Âdem’in Tevrat’taki hissesindeki konumuzla ilgili önemli husus, toprağın lânetlenmiş olması, Âdem’in de topraktan yaratılmış olduğunun vurgulanması, ona tam da bu noktada “topraksın” denmiş olmasıdır. Bu vurgu çok uzun yıllar sonra, önce Pavlus sonra da Aziz Augustin tarafından doktrinize edilerek tüm insanlığın, atalarının bu ilk günahı ile kirlendiği ve dolayısıyla günahkâr kullar olarak dünyaya geldikleri, onları bu günahtan arındırmak için ete kemiğe bürünerek dünyaya inen ve kefaret olarak çarmıhta can veren Tanrı’nın Oğlu’nun izinde vaftiz olarak bu kirlenmişlikten arınma yoluna girdikleri biçimindeki günümüzün yaygın Hıristiyan inanışının şekillenmesine yol vermiştir.
Kur’an’da, adı 25 kere (bunların bir kısmı doğrudan Âdem’in kendisiyle ilgili değil, ondan türemiş nesillere seslenme kapsamındadır; bu arada adı anılmadan Âdem’in anlatıldığı başkaca ayetler de mevcut elbette) geçen Âdem’in, Tevrat’taki hikâyesinde işlediğine karşılık düşen yaptırımlardan, cennetten çıkarılma ve birbirlerine düşman olma dışındakilerden söz edilmez ve benim görebildiğim kadarıyla Âdem’in tüm serencamında lânetlenen tek varlık Şeytan’dır! Dolayısıyla Âdem soyuna yüklenmiş bir kirlilik söz konusu değildir; yalnızca dolaylı olarak analarının ve babalarının yaşadığı sürçmenin neticesinde maruz kaldıkları uygulamanın doğal sonuçlarına katlanmak durumunda kalmışlardır: Dünyaya gelmek ve burada geçici bir yaşam sürmek!
Bir bütün olarak Kur’an’ın anlatısı dikkate alındığında bu sürecin bir biçimde Yaradan tarafından kurgulandığını söylesem ileri gitmiş olmam umarım. Kur’an’ın anlatısı içinde, insanlık, o sırada var olan tüm kullardan ayrı bir konumda yaratılmış ve fakat kendisinin neliği, bulunduğu ortam içinde pek zahir olamamıştır. Nitekim insanın yaratılışı biraz şaşkınlıkla, tereddütle, hatta bir büyük itirazla karşılanmıştır! Mutlak kulluk dışında hiçbir seçeneğin asla bahis mevzuu olmadığı sadık kulların berisinde, maddesel statik bir forma sahip, ama bu kısıtlılığına rağmen Tanrı’yı kendi edimi ile bulup ona ulaşma, kullukta müstesna tüm diğer kulların önüne geçebilme potansiyelinin açığa çıkabilmesi, bunun hem kendisi hem de diğer tüm bilinç sahibi kullar için açıkça bilinir kılınması için bu dünyayı mesken tutması gerekti herhalde.
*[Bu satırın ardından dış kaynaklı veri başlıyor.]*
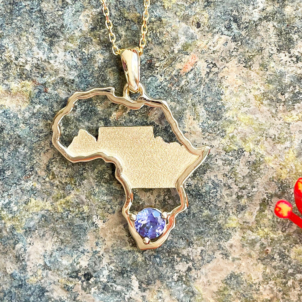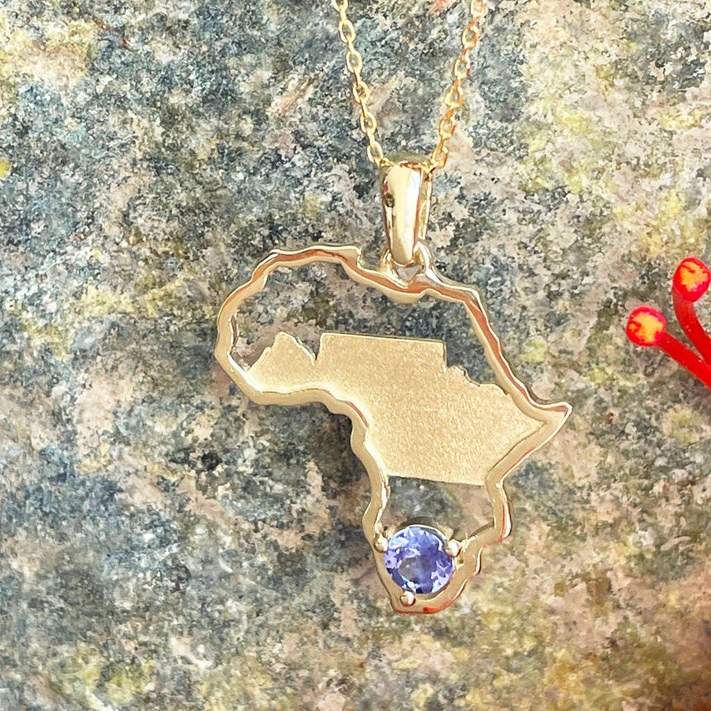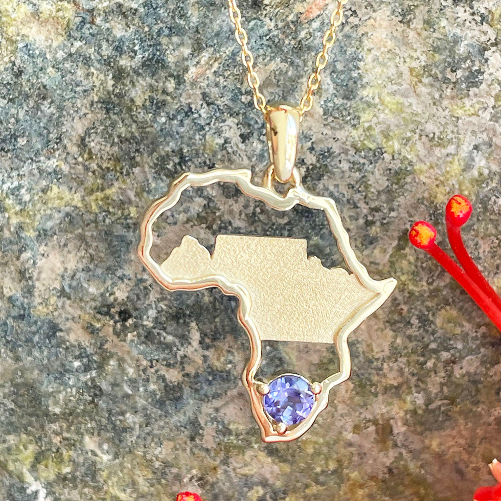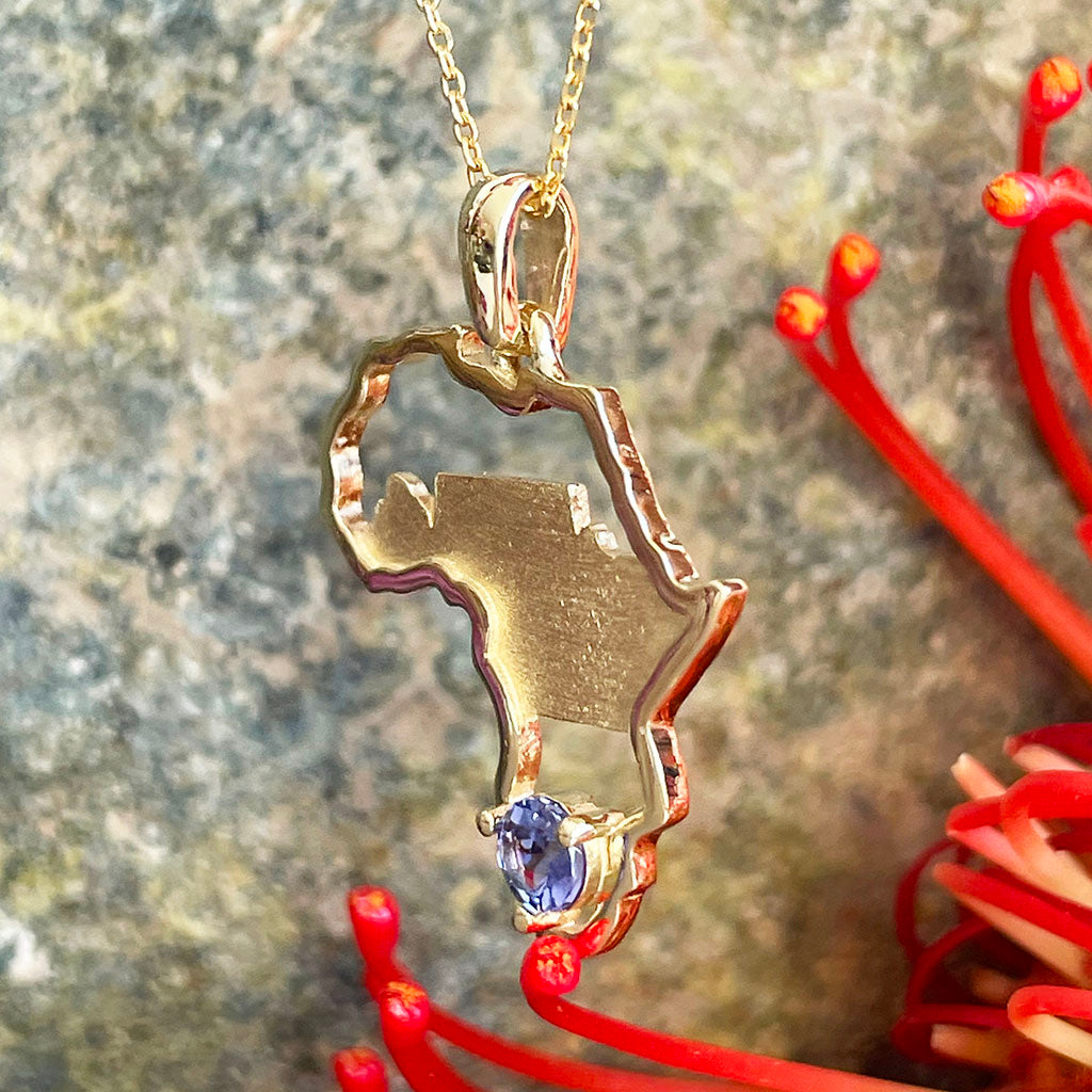 Tanzanite Table Mountain and Africa Map Pendant in Yellow Gold

Ama aynı zamanda Tanrı’ya karşı gelebilmeyi, hatta onu yok sayabilmeyi -ki bunu Şeytan bile yapmamaktadır- de içeren, şaşırtıcı bir otonomi ile de donatılmıştır. Tercihleri onun kulluk sıralamasındaki konumunun temel belirleyicisi olacaktır.
İnsanın maddi formu, kutsal kitaplarda anlatılan var oluş gerçeğini anlamasında çok ciddi bir engel oluşturduğu gibi, mayasına katılmış pek çok nitelik de, ondan beklenenlerin açıklandığı kutsal metinlere uyum göstermesinde önemli güçlüklere yol açmaktadır. Hatta o ölçüde güçlükler söz konusudur ki kendi eliyle tutup, gözüyle görebildiği hiçbir ölçeğe, o metinlerin anlattıkları pek çok şeyi oturtamamaktadır. Bu ise tümüyle ayrı bir değinme konusu!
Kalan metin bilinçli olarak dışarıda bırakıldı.